3.5 - São reconhecidos como agregados autónomos, para efeitos de realojamento, as pessoas reconhecidas como fazendo parte do agregado original e que cumpram cumulativamente as seguintes condições: ter solicitado desdobramento, com fundamento válido; comprovem já não viver em economia comum há mais de dois anos.

3.6 - Encontrando-se pendente processo de divórcio, se ambos os elementos do casal continuarem a residir na habitação de origem, procede-se ao realojamento de todo o agregado, salvo se alguns dos cônjuges prescindir desse direito.

3.7 - Se houver processo de divórcio e decisão judicial de atribuição da casa de morada de família, o direito ao realojamento cabe ao titular dessa decisão.

3.8 - Em caso de recusa não fundamentada do fogo atribuído, o agregado perde o direito ao realojamento, podendo ser-lhe atribuída uma indemnização por sacrifício equivalente a dois anos da renda que actualmente pagam pelo fogo onde reside.

3.9 - Os agregados com carência económica poderão a todo o tempo solicitar redução de renda. Os pedidos serão apreciados e decididos pela GEBALIS nos termos da deliberação 48/CM/2010, de 12 de Fevereiro.

3.10 - A verificação da carência económica, entendida nas condições definidas pelo Regulamento do Regime de Acesso à Habitação Municipal, aprovado pela Deliberação 76/AML/2009, publicado no Boletim Municipal nº 814, 1º Suplemento, em 24 de Setembro de 2009, será feita para todos os agregados em realojamento temporário antes da celebração do contrato de realojamento definitivo.

3.11 - Poderá ser atribuída tipologia superior (+ 1 quarto), se no momento da atribuição a CML não dispuser de fogos vagos e reabilitados no bairro com a tipologia adequada mas houver fogos de tipologia superior disponíveis.

3.12 - Poderá igualmente ser atribuída tipologia superior (+ 1 quarto) quando o agregado a realojar integre portadores de doenças graves e permanentes, comprovadas por atestado médico, que impossibilitem a partilha de quarto com outro membro.

4. Critérios especiais - realojamento temporário

4.1 - O realojamento temporário abrange todas as famílias cujas habitações têm de ser demolidas e é concretizado mediante um acordo de realojamento temporário de dois anos, prorrogável por um período máximo de cinco anos, mantendo-se o valor da renda do fogo de origem.
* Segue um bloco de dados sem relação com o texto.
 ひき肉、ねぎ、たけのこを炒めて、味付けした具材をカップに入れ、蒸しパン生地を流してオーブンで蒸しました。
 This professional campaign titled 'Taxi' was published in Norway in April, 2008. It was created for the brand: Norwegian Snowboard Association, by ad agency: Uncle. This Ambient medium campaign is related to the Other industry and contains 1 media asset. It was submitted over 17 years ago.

4.2 - O realojamento temporário pode ser concretizado em fogos do “bairro amarelo” reservados para o efeito, em fogos do “bairro de alvenaria” reabilitados pela GEBALIS, ou fora do bairro Padre Cruz se for esse o desejo do agregado e a CML tiver fogos vagos e reabilitados disponíveis.
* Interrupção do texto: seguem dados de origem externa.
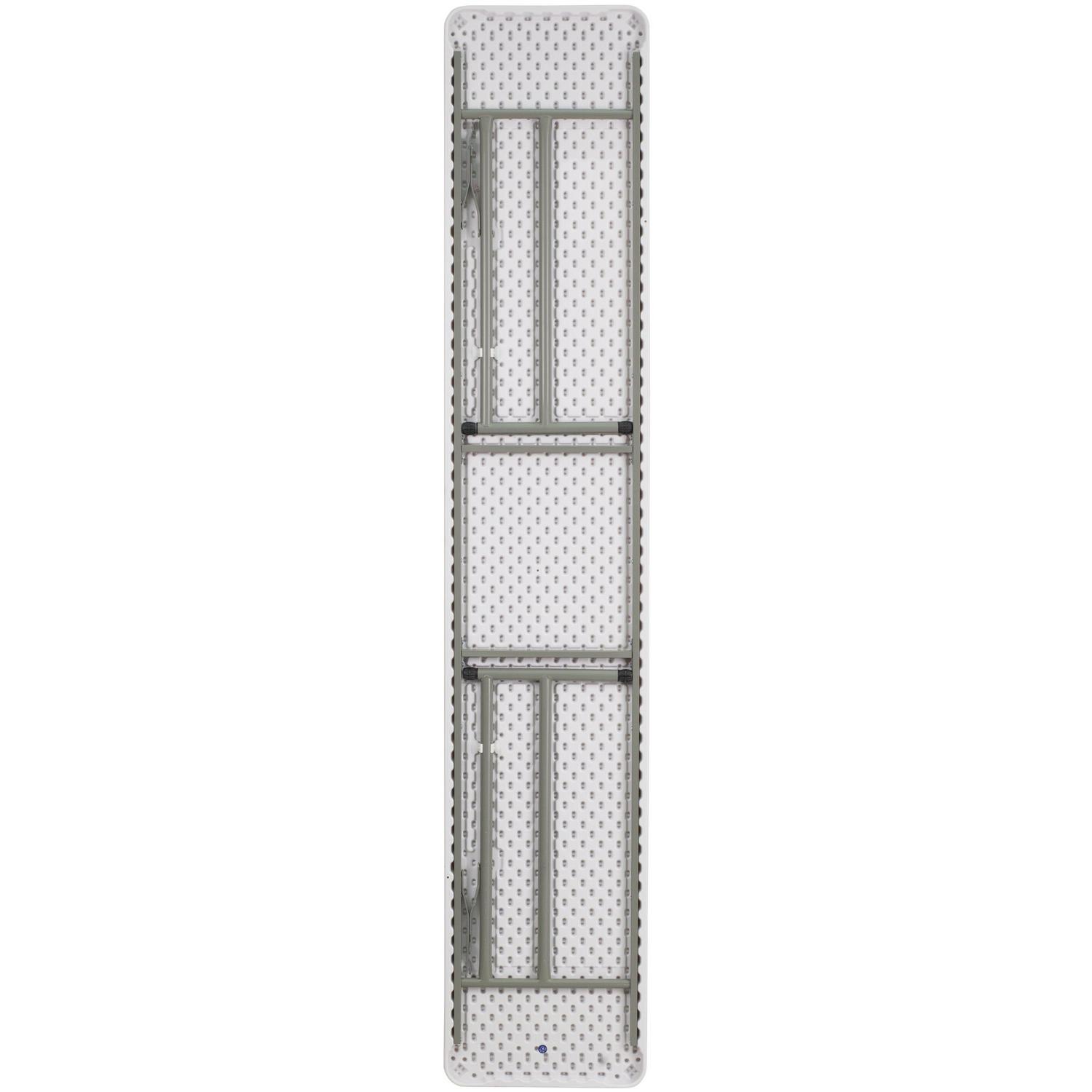 If you are in the market for a truly multi-functional table look no further. Use as extra dining surface for the holidays, a place to hold your sewing machine, indoor plants, pamphlets in your reception area or for your next seminar. This rectangular folding table is 8 feet long and can seat up to four adults making it beneficial in a multitude of settings that include the classroom, sewing room, solarium, banquet halls and in training rooms. The space saving design can allow multiple tables in a small to large setting making it the perfect style table for virtually any use. The durable blow molded top is low maintenance and cleans easily. This table has extendable feet that provide a stable work surface and the legs fold under the table to make storage more convenient and for better portability.

4.3 - A CML assume os encargos das ligações de água e electricidade dos fogos alvo de acordos de realojamento temporário.

4.4 - Têm direito ao realojamento temporário todos os agregados que tenham residência permanente no bairro, não tenham outra habitação com condições de habitabilidade na Área Metropolitana de Lisboa e estejam incluídos nos recenseamentos realizados pela CML e pela GEBALIS.

4.5 - Os agregados com rendas em atraso deverão liquidá-las, ou celebrar um acordo de liquidação de dívida em simultâneo com o acordo de realojamento temporário.

5. Critérios especiais - realojamento definitivo

5.1 - Findo o prazo do acordo de realojamento temporário, e cumprido o acordo de liquidação de dívida, se existir, têm direito ao realojamento definitivo todos os agregados que o desejem, que não tenham rendas em atraso por período superior a 3 meses e não se encontrem em nenhuma das situações de exclusão previstas no ponto 5.9.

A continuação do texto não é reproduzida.